Martin Furr
Horner’s Syndrome
Horner’s syndrome (HS), a constellation of clinical signs reflecting sympathetic denervation of structures of the head, has been reported in humans and a number of veterinary species. The syndrome is named after the Swiss physician Johann Horner (1869), but the first report has also been attributed to Francois Pourfour du Petit in 1727. Although several descriptions of HS have been published, there are no specific reports of prevalence. The condition is relatively uncommon.
Anatomy, Pathophysiology, and Clinical Signs
Sympathetic neurons innervating the head arise from the brainstem in the region of the midbrain, pons, and ventrolateral aspect of the medulla oblongata, and descend in the lateral funiculus of the spinal cord to synapse, at the level of the cranial thoracic segments, on the nerve cell bodies that give rise to the sympathetic trunk. Axons exit the central nervous system (CNS) at T1-T2, course through the anterior mediastinum, and ascend as the cervicosympathetic trunk intimately associated with the carotid artery, terminating in the cranial cervical ganglion (CCG), which lies on the caudodorsal surface of the medial compartment of the guttural pouch. Postganglionic neurons arising from the CCG innervate the pupillary dilator and retrobulbar muscles of the eye, smooth muscles of the eyelids, and sweat glands of the skin.
The clinical signs of HS can arise secondary to damage to any of the nerves comprising the described sympathetic pathway (Box 86-1). Damage to the cervical sympathetic trunk associated with intravenous injections, perivascular inflammation or abscesses, myositis of the cervical muscles, lacerations, or blunt force trauma appear to be the most common.

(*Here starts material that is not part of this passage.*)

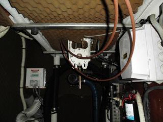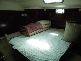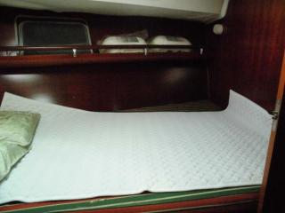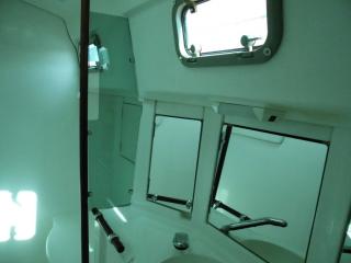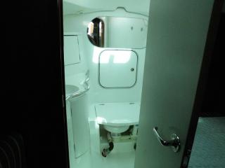 【アフトキャビン】右舷側のギャレーを通り過ぎるとアフトキャビンに入ります。このアフトキャビンがオーナーズルームとして使用されていました。エアコンやオーナー様専用の手動式マリントイレが装備されています。温水シャワーも使えます。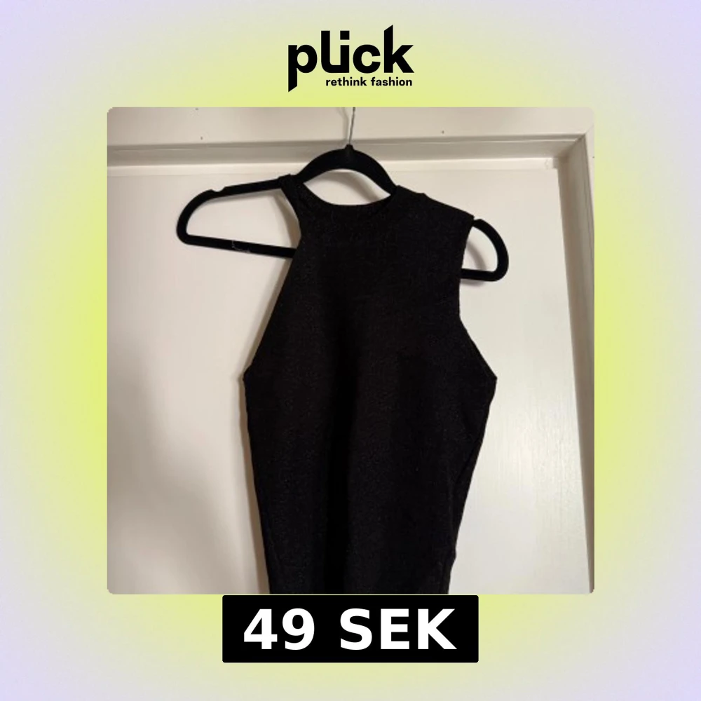 Snygg svart ärmlös topp från NA-KD med glittriga detaljer. Toppen har hög halsringning och är stickad i ett stretchigt material som sitter tight. Perfekt för dig som vill sticka ut lite extra med en stilren men ändå festlig look.

Central nervous system lesions arising from many causes can also lead to HS, and thoracic or pleural disease arising from mediastinal abscesses or masses may also cause HS. Damage to the CCG or postganglionic neurons can arise from blunt force trauma to the head, periorbital masses, guttural pouch empyema or mycosis, and mandibular fracture with associated soft tissue damage. In most cases, the signs are unilateral, as is evident from the nature of the inciting causes, but bilateral HS has been reported in horses with cranial mediastinal masses.
Clinical signs of HS are classically described as consisting of ptosis, miosis, and enophthalmos. In the horse, increased sweating is a prominent component of the illness, unlike in humans, and hyperemia of the nasal mucosa on the affected side is occasionally seen. However, the clinical signs and presentation are often not straightforward; signs may vary in magnitude, and not all signs may be present in each individual. The clinical signs of HS are reported to vary with the site and chronicity of the lesion. In experimentally induced HS in which the cervical sympathetic trunk was surgically transected, clinical signs consistently included ptosis, miosis, enophthalmos, prolapsed nictitating membrane, and unilateral sweating. Hyperemia of the nasal mucosa was variably seen (in two of six experimental animals), as was increased skin temperature as assessed by thermography. These findings were reported to be of variable severity, however, so there also appears to be substantial interanimal variability in the expression of clinical signs.
Loss of sympathetic innervation to the skin leads to sweating in the horse; with a unilateral lesion, sweating will begin at the base of the ear, follow a well-demarcated boundary down the center of the head, and extend as far caudal as the first cervical vertebrae. In experimentally induced HS, this persists for only the first 48 hours or so, after which sweating becomes patchy and inconsistent. In many reported clinical cases, however, prominent sweating persists for many days to weeks, and most likely reflects variation in the magnitude of nerve dysfunction.
Ptosis has been reported by many authors to be one of the most consistent and distinct features of HS in horses. Ptosis is caused by decreased tone of the smooth muscle of the eyelid and is more easily discerned in subtle cases by viewing the eyelash angle from a frontal view; with ptosis, the eyelashes will be pointing down, rather than laterally. Enophthalmos arises from reduced tone of the retractor bulbi muscle but is usually mild, and prolapse of the third eyelid may or may not be seen, depending on the degree of enophthalmos. The miosis observed with HS in horses is also usually mild, with a maximal difference in pupil size of no more than 2 to 3 mm, compared with the unaffected side.
Although it has been seen, laryngeal hemiplegia is not reported to be a common clinical finding in horses with HS. This may be because many horses with HS do not routinely undergo endoscopic evaluation, and a higher incidence of laryngeal hemiplegia might be seen in horses with HS if endoscopy was performed. Laryngeal hemiplegia was observed as a complication in 2 of 10 horses with HS in one case series, and has been reported sporadically in other reports.